(Beginning of Data in this exercise)

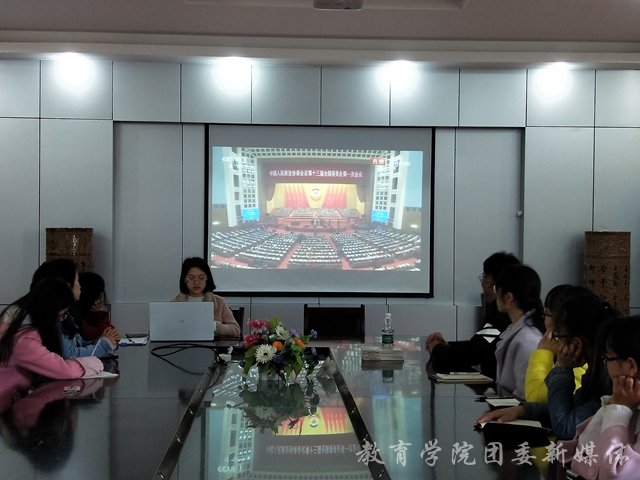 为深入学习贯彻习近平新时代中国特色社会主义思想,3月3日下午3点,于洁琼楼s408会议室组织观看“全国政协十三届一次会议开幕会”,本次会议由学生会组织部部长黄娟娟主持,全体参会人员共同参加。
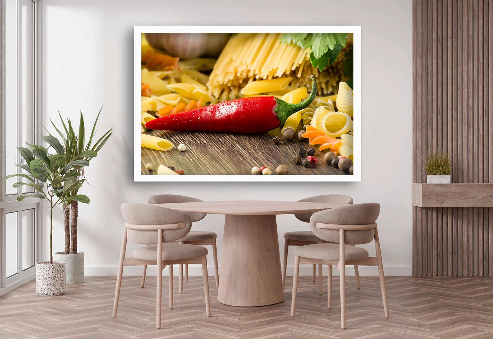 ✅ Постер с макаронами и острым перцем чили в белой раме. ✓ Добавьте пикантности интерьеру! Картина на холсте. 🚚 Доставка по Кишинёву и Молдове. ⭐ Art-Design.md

(End of Data in this exercise)
(Beginning of Data in this exercise)

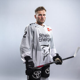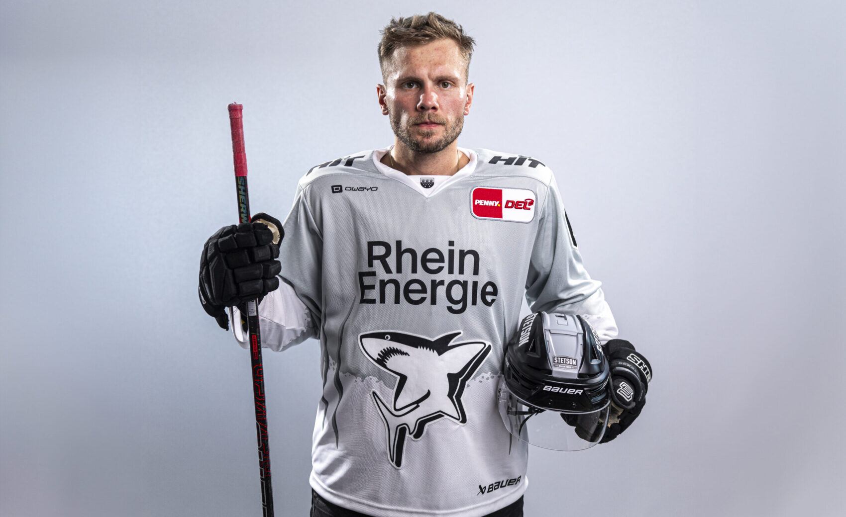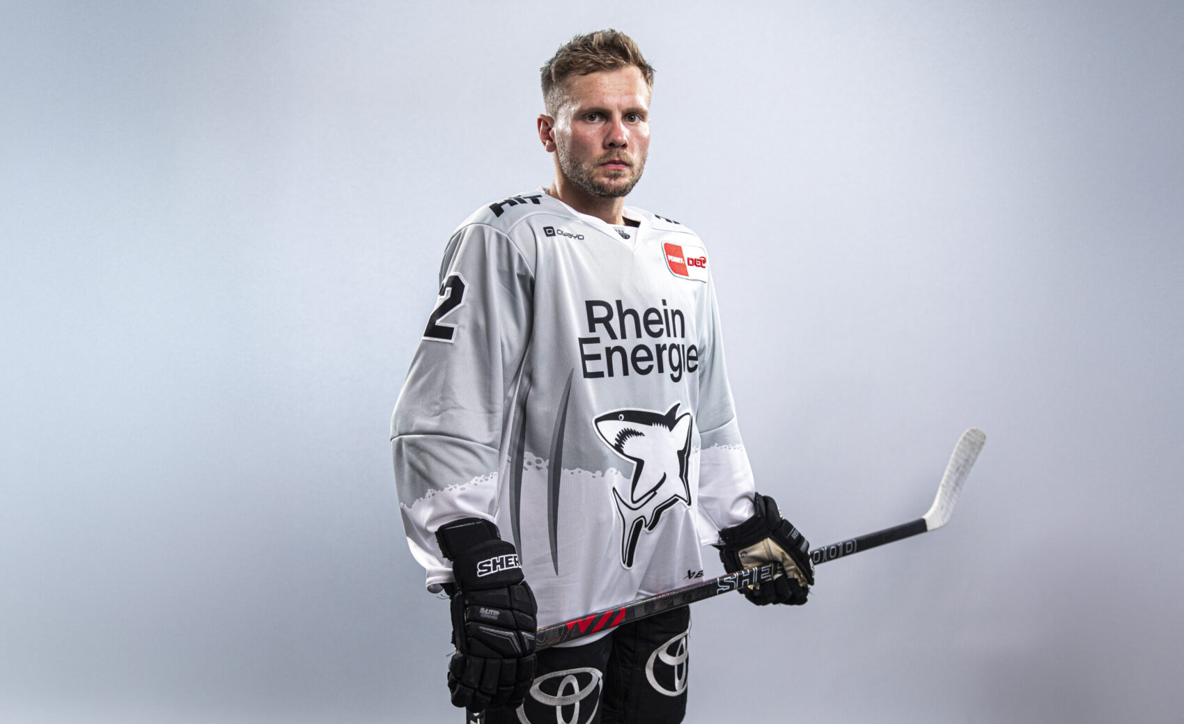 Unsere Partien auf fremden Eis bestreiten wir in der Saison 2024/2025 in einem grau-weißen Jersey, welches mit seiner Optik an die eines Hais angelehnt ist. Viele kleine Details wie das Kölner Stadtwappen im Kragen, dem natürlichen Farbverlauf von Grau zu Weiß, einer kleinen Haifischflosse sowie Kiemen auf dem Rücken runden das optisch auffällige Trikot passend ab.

(End of Data in this exercise)

• [Exercise description] In the records above, find the line containing "为深入学习贯彻习近平新时代中" and the line containing "Молдове. ⭐ Art-Design.md", then give both of them again word for word along with every line between. Omit any pictures.

• [Answer box]
 为深入学习贯彻习近平新时代中国特色社会主义思想,3月3日下午3点,于洁琼楼s408会议室组织观看“全国政协十三届一次会议开幕会”,本次会议由学生会组织部部长黄娟娟主持,全体参会人员共同参加。
 ✅ Постер с макаронами и острым перцем чили в белой раме. ✓ Добавьте пикантности интерьеру! Картина на холсте. 🚚 Доставка по Кишинёву и Молдове. ⭐ Art-Design.md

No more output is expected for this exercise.